The task:
From the listing that follows, reproduce only the lines from the one holding "Click here to" through the one holding "Rosa Schächter wurde", both included, with no pictures.

Data:
==========

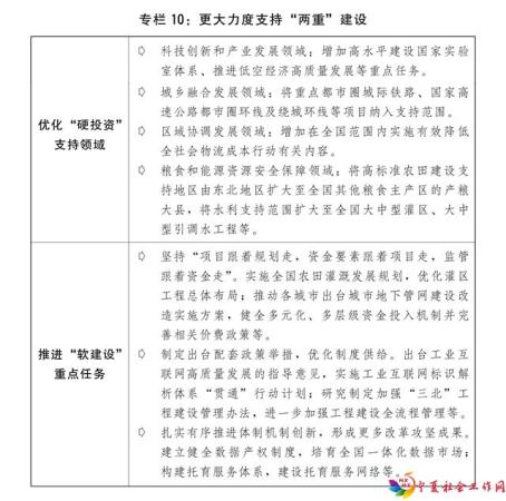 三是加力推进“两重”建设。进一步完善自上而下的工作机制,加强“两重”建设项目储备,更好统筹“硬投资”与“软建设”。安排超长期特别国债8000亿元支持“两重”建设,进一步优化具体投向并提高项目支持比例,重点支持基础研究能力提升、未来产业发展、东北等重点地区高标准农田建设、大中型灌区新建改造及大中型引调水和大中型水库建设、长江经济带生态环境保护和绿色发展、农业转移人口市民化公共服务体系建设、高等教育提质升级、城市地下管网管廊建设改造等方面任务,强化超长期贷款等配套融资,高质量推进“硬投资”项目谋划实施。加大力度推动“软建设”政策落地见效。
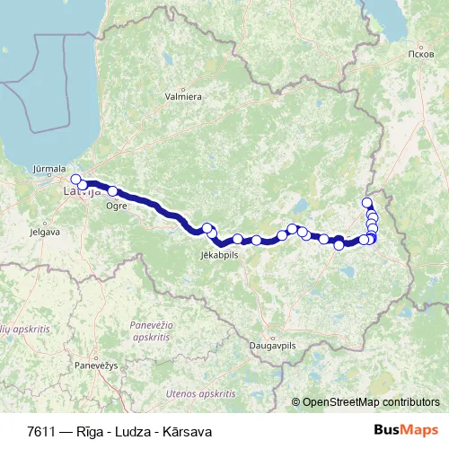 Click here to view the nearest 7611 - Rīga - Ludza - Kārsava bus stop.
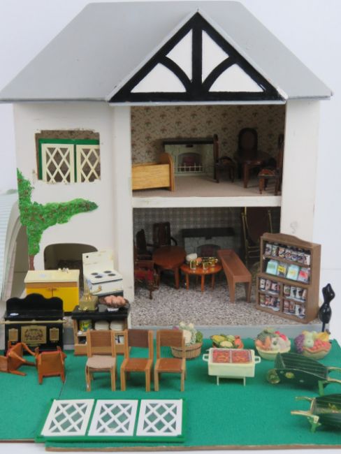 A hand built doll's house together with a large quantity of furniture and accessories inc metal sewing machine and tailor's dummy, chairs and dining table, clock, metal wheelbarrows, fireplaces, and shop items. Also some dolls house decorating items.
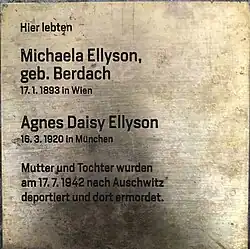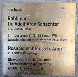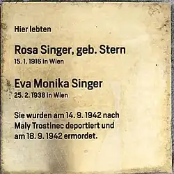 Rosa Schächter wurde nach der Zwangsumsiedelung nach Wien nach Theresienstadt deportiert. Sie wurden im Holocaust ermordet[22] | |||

==========

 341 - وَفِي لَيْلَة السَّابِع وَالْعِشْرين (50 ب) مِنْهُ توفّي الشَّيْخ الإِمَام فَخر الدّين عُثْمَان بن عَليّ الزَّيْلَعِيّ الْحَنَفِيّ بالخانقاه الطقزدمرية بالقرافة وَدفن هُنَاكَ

==========

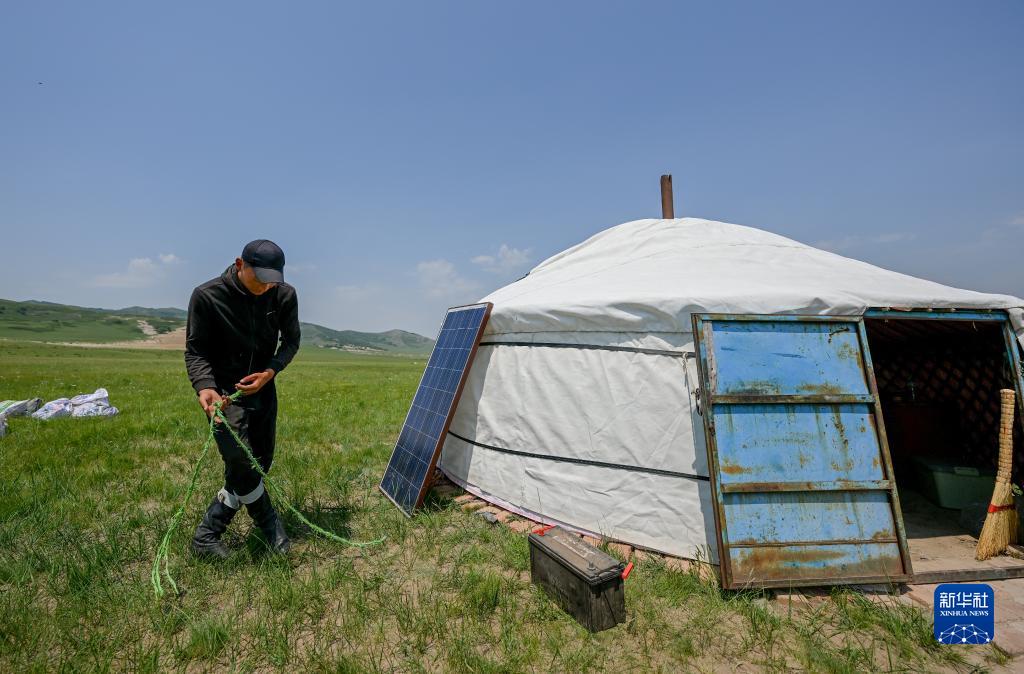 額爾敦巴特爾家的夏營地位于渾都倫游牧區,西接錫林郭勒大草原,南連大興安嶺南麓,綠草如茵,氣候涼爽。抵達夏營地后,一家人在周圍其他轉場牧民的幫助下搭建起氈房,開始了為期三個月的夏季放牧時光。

==========

Task output:
 Click here to view the nearest 7611 - Rīga - Ludza - Kārsava bus stop.
 A hand built doll's house together with a large quantity of furniture and accessories inc metal sewing machine and tailor's dummy, chairs and dining table, clock, metal wheelbarrows, fireplaces, and shop items. Also some dolls house decorating items.
 Rosa Schächter wurde nach der Zwangsumsiedelung nach Wien nach Theresienstadt deportiert. Sie wurden im Holocaust ermordet[22] | |||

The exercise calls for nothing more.